[Collected data]
★ ★ ★ ★ ★ ★ ★

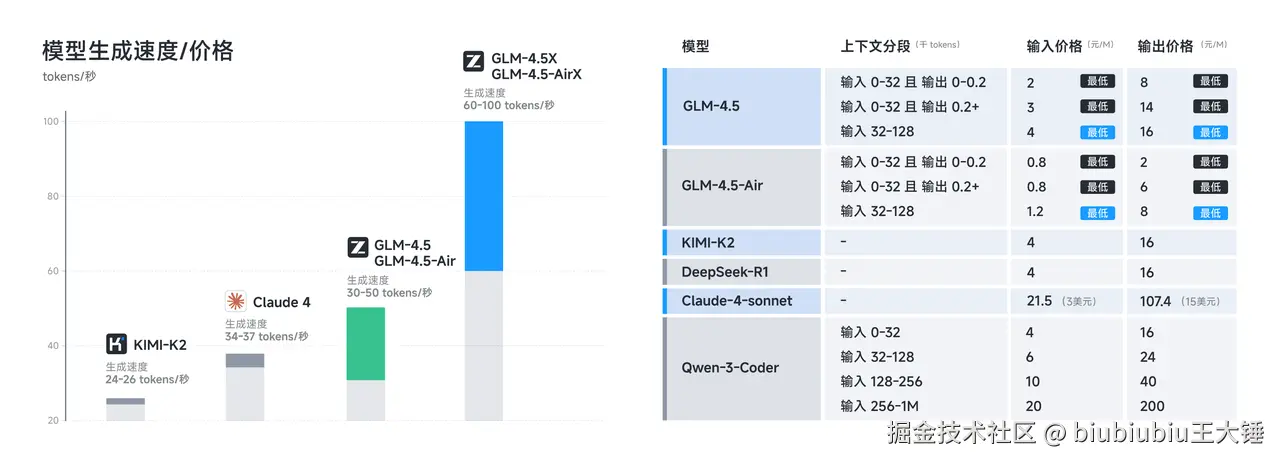 更令人惊喜的是,GLM-4.5不仅性能强劲,还拥有低成本、高速度的优势,简直是新一代的“价格屠夫”!
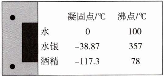 2. 新趋势 跨学科综合 仔细观察如图资料卡中的信息,可以发现水银的凝固点比酒精的凝固点高( )
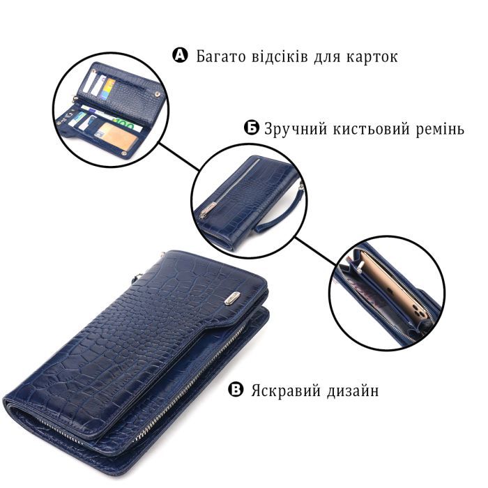 Портмоне Canpellini З натуральної шкіри Синє (21539)
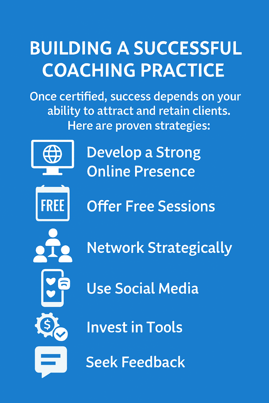 Seek Feedback: Regularly solicit feedback from clients and mentors to refine your coaching approach.
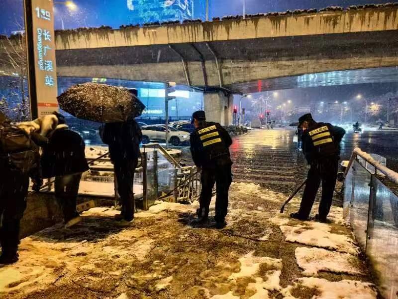 大雪来袭,地铁各车站提前组织运营线路防寒巡查,重点巡查户外钢轨、接触轨防护罩、高架段电缆、管道等设备设施,避免出现设备结冰损坏情况,保障极端天气下的设备设施安全正常运行。同时对信号、道岔、车辆、供电等关键设备设施进行全面检修排查,及时消除安全隐患。
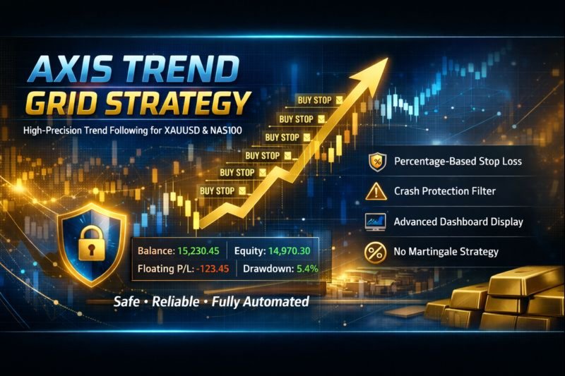 Axis Trend Grid Strategy is a fully automated Expert Advisor (EA) designed for high-precision trend-following on volatile instruments like XAUUSD (Gold) and NAS100 (Nasdaq). The system uses a unique "Ladder Entry" mechanism that capitalizes on market momentum by placing pending orders at calculated price levels only when a primary trend is confirmed. It does not simply deploy grids blindly like many other grid EAs out there.
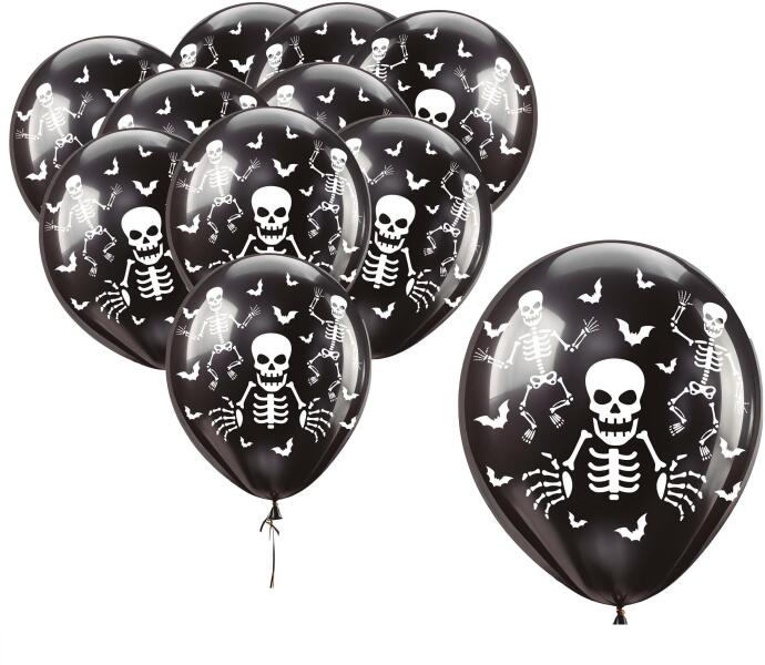 Latex lufi készlet - Csontváz 30 cm 10 db A csontvázak és denevérek motívumával ellátott latex lufik kísérteties hangulatot varázsolnak Halloween vagy horror témájú buliba ! Ezek a lufik nagyszerű kiegészítők a szoba dekorációjához, bejáratához vagy egy kísérteties lufi elrendezés részeként.

★ ★ ★ ★ ★ ★ ★

# ABOUT THIS EXERCISE
Take the records above from their first line through the line with "Axis Trend Grid" and set those lines down word for word, minus the pictures.

# ANSWER FOR THIS EXERCISE
 更令人惊喜的是,GLM-4.5不仅性能强劲,还拥有低成本、高速度的优势,简直是新一代的“价格屠夫”!
 2. 新趋势 跨学科综合 仔细观察如图资料卡中的信息,可以发现水银的凝固点比酒精的凝固点高( )
 Портмоне Canpellini З натуральної шкіри Синє (21539)
 Seek Feedback: Regularly solicit feedback from clients and mentors to refine your coaching approach.
 大雪来袭,地铁各车站提前组织运营线路防寒巡查,重点巡查户外钢轨、接触轨防护罩、高架段电缆、管道等设备设施,避免出现设备结冰损坏情况,保障极端天气下的设备设施安全正常运行。同时对信号、道岔、车辆、供电等关键设备设施进行全面检修排查,及时消除安全隐患。
 Axis Trend Grid Strategy is a fully automated Expert Advisor (EA) designed for high-precision trend-following on volatile instruments like XAUUSD (Gold) and NAS100 (Nasdaq). The system uses a unique "Ladder Entry" mechanism that capitalizes on market momentum by placing pending orders at calculated price levels only when a primary trend is confirmed. It does not simply deploy grids blindly like many other grid EAs out there.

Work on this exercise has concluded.